**GIVEN RECORDS:**
_ _ _ _ _ _ _
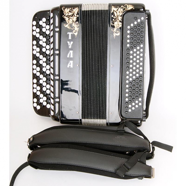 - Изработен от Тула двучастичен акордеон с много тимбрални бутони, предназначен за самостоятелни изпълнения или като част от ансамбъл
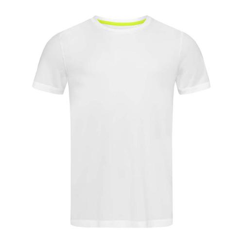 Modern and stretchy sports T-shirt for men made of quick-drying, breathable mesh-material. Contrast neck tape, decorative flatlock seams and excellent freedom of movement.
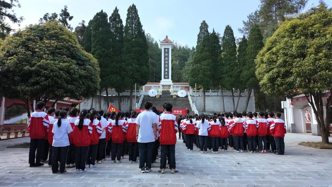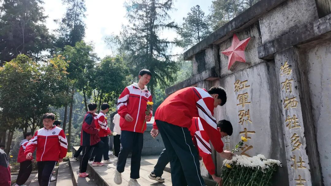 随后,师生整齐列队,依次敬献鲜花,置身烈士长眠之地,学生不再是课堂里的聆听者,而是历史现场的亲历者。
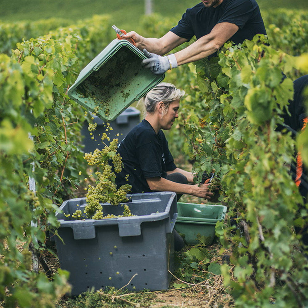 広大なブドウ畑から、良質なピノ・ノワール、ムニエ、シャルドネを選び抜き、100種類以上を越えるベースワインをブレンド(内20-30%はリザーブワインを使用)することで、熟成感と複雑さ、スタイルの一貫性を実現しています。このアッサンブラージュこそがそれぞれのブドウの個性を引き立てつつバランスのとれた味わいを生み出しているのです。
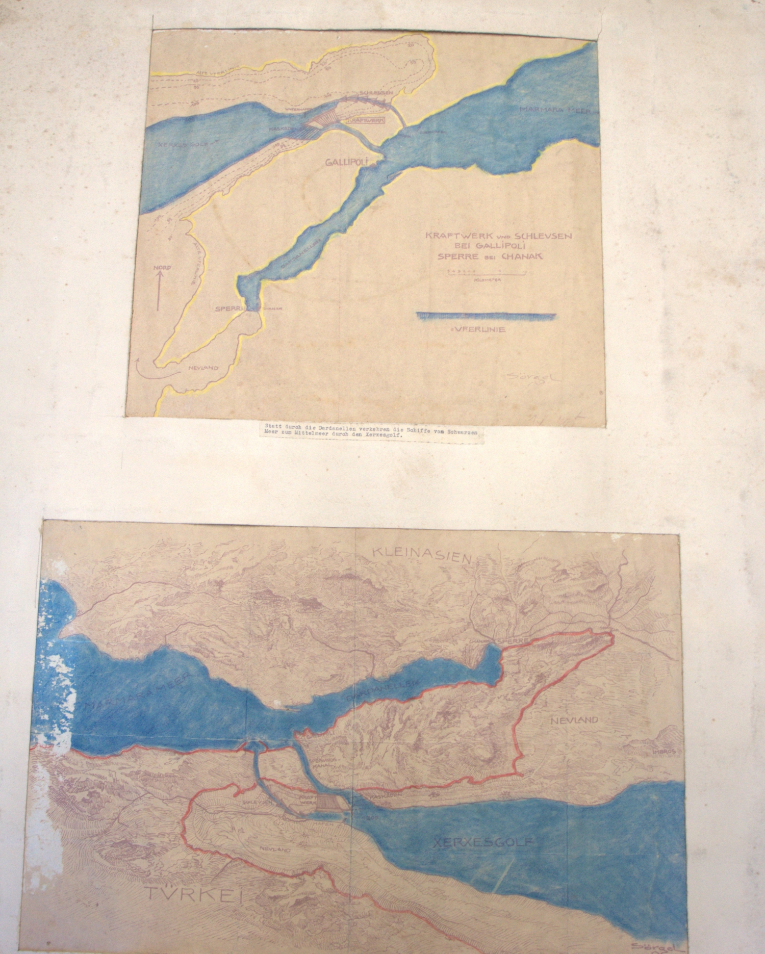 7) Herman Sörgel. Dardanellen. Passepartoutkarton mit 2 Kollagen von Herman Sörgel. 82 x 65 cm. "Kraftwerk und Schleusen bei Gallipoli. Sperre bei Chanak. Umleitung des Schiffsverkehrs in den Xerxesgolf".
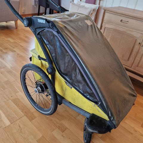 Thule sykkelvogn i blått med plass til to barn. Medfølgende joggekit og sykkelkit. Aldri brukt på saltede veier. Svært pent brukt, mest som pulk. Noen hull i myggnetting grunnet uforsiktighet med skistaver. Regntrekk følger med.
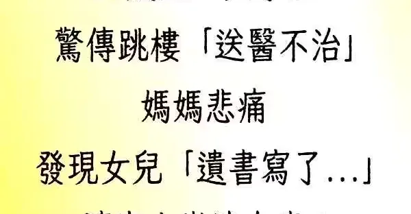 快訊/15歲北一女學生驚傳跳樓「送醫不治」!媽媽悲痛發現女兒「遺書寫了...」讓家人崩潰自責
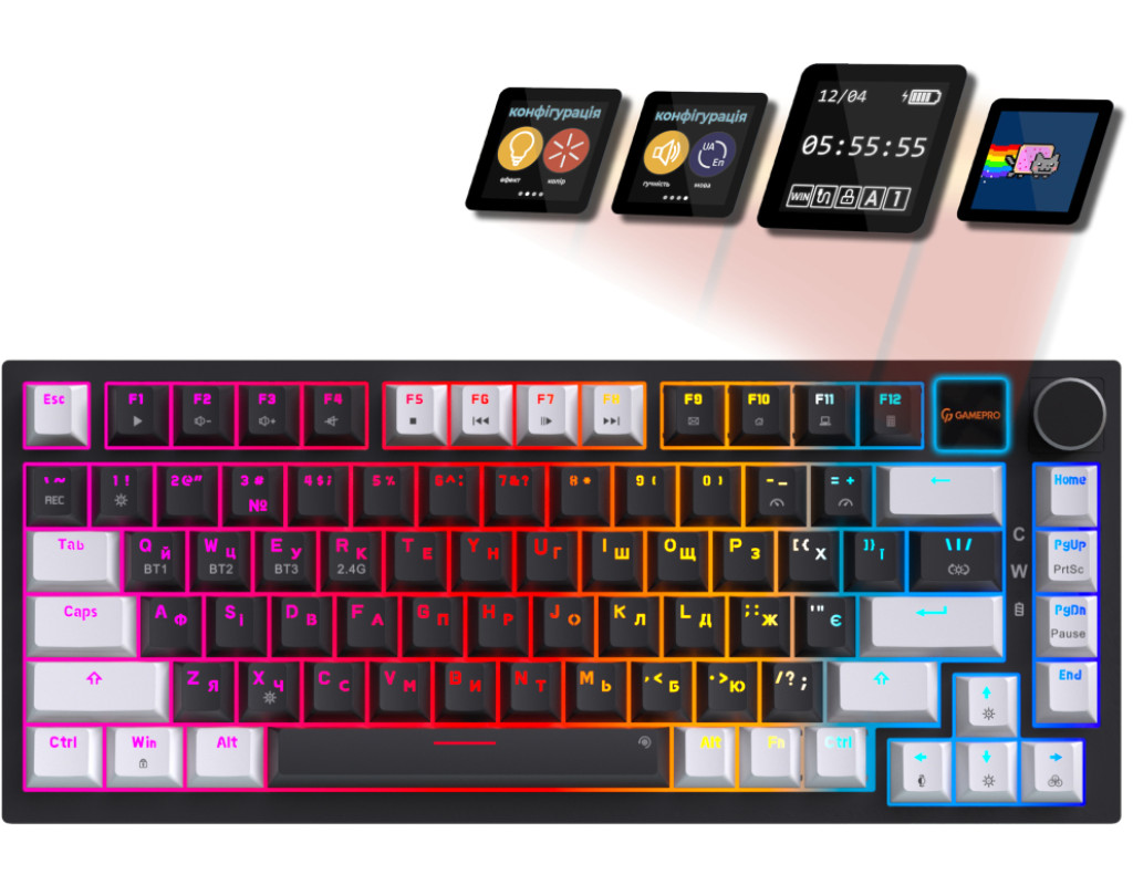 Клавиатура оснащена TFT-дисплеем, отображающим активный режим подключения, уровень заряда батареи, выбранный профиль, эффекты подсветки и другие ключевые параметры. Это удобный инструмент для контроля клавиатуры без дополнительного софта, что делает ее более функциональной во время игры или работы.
_ _ _ _ _ _ _
**EXERCISE:** Retype every record above exactly as written, but leave out the pictures.

**TASK ANSWER:**
 - Изработен от Тула двучастичен акордеон с много тимбрални бутони, предназначен за самостоятелни изпълнения или като част от ансамбъл
 Modern and stretchy sports T-shirt for men made of quick-drying, breathable mesh-material. Contrast neck tape, decorative flatlock seams and excellent freedom of movement.
 随后,师生整齐列队,依次敬献鲜花,置身烈士长眠之地,学生不再是课堂里的聆听者,而是历史现场的亲历者。
 広大なブドウ畑から、良質なピノ・ノワール、ムニエ、シャルドネを選び抜き、100種類以上を越えるベースワインをブレンド(内20-30%はリザーブワインを使用)することで、熟成感と複雑さ、スタイルの一貫性を実現しています。このアッサンブラージュこそがそれぞれのブドウの個性を引き立てつつバランスのとれた味わいを生み出しているのです。
 7) Herman Sörgel. Dardanellen. Passepartoutkarton mit 2 Kollagen von Herman Sörgel. 82 x 65 cm. "Kraftwerk und Schleusen bei Gallipoli. Sperre bei Chanak. Umleitung des Schiffsverkehrs in den Xerxesgolf".
 Thule sykkelvogn i blått med plass til to barn. Medfølgende joggekit og sykkelkit. Aldri brukt på saltede veier. Svært pent brukt, mest som pulk. Noen hull i myggnetting grunnet uforsiktighet med skistaver. Regntrekk følger med.
 快訊/15歲北一女學生驚傳跳樓「送醫不治」!媽媽悲痛發現女兒「遺書寫了...」讓家人崩潰自責
 Клавиатура оснащена TFT-дисплеем, отображающим активный режим подключения, уровень заряда батареи, выбранный профиль, эффекты подсветки и другие ключевые параметры. Это удобный инструмент для контроля клавиатуры без дополнительного софта, что делает ее более функциональной во время игры или работы.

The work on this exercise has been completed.